#### [INPUT]
--- START ---
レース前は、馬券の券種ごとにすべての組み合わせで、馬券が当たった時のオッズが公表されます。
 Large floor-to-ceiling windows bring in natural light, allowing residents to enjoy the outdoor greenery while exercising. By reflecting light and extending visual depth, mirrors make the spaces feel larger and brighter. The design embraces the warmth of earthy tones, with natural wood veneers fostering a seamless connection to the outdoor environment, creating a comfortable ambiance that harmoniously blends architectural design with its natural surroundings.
--- END ---
--- START ---
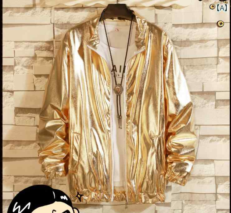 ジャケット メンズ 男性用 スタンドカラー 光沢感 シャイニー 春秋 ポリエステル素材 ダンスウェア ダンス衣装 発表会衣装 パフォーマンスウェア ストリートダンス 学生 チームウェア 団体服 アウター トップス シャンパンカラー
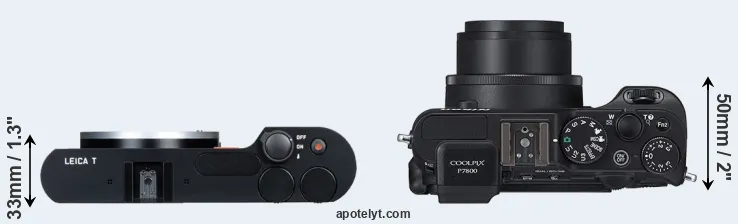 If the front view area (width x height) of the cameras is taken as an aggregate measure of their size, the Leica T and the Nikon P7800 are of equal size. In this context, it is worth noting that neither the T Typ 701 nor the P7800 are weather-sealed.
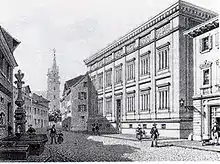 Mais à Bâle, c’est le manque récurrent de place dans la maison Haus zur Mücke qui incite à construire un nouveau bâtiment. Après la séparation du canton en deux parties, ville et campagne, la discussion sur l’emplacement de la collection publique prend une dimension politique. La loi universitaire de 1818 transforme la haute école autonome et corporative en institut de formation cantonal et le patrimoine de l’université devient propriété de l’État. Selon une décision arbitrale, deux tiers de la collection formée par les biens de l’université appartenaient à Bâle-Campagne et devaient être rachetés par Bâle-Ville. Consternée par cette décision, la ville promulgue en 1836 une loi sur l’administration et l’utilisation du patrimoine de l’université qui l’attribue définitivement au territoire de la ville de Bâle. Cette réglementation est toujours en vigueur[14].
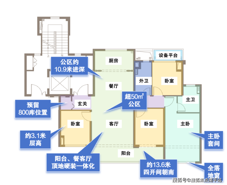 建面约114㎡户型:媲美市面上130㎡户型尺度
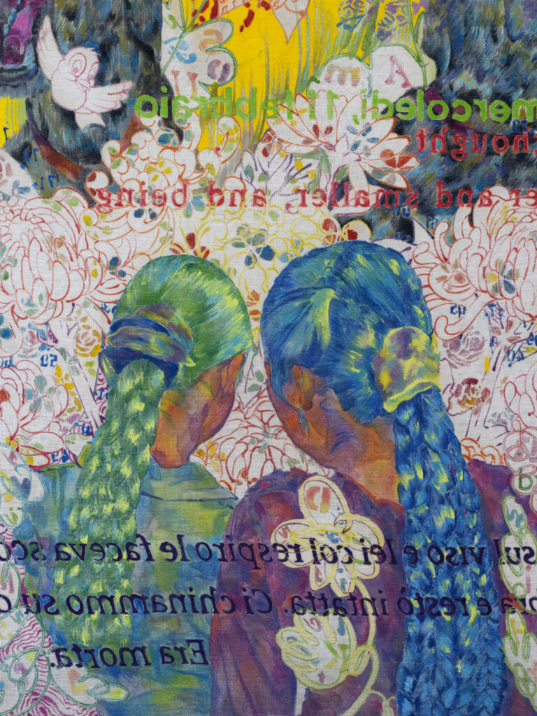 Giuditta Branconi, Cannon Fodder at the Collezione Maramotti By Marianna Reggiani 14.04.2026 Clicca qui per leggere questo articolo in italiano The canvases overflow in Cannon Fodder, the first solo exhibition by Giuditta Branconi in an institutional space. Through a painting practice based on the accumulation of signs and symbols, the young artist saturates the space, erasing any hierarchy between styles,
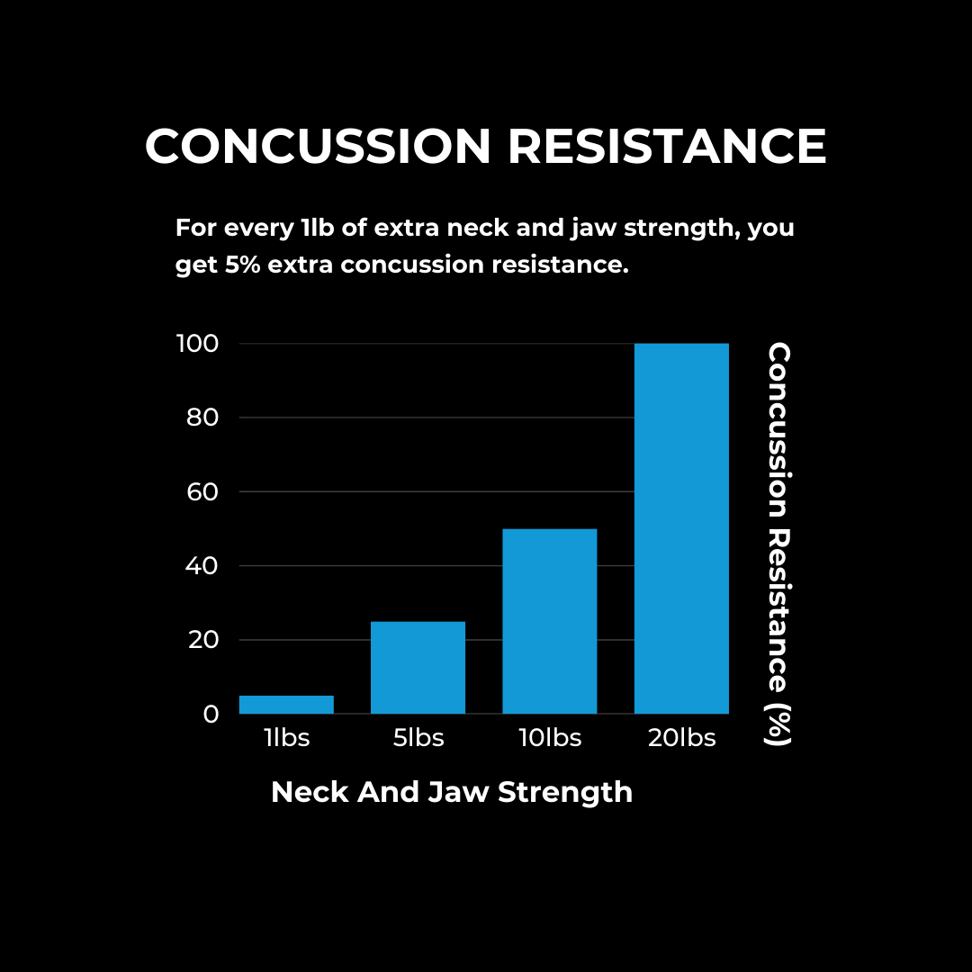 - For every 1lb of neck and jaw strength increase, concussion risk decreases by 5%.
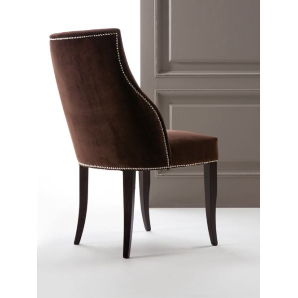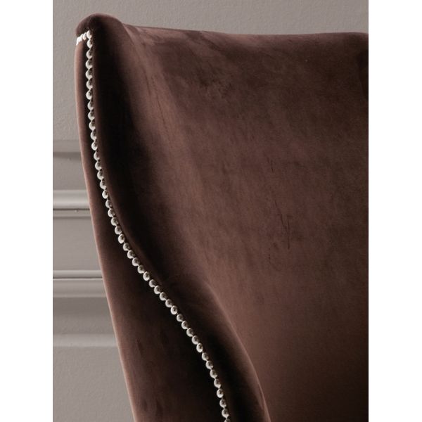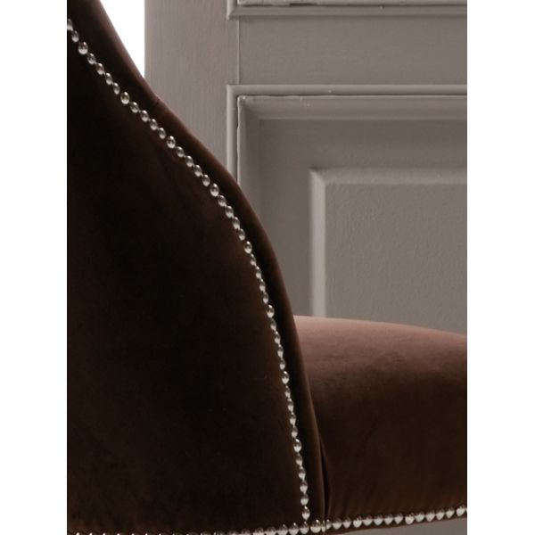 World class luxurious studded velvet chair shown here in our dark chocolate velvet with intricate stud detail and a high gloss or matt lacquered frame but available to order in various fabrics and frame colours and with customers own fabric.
--- END ---
#### [TASK DETAILS]
Each line above from the one containing "Mais à Bâle, c’est" through the one containing "建面约114㎡户型:媲美市面上130㎡户型尺度" is to be returned verbatim. Nothing else, and no pictures.

#### [SOLUTION FOR THIS PROBLEM]
 Mais à Bâle, c’est le manque récurrent de place dans la maison Haus zur Mücke qui incite à construire un nouveau bâtiment. Après la séparation du canton en deux parties, ville et campagne, la discussion sur l’emplacement de la collection publique prend une dimension politique. La loi universitaire de 1818 transforme la haute école autonome et corporative en institut de formation cantonal et le patrimoine de l’université devient propriété de l’État. Selon une décision arbitrale, deux tiers de la collection formée par les biens de l’université appartenaient à Bâle-Campagne et devaient être rachetés par Bâle-Ville. Consternée par cette décision, la ville promulgue en 1836 une loi sur l’administration et l’utilisation du patrimoine de l’université qui l’attribue définitivement au territoire de la ville de Bâle. Cette réglementation est toujours en vigueur[14].
 建面约114㎡户型:媲美市面上130㎡户型尺度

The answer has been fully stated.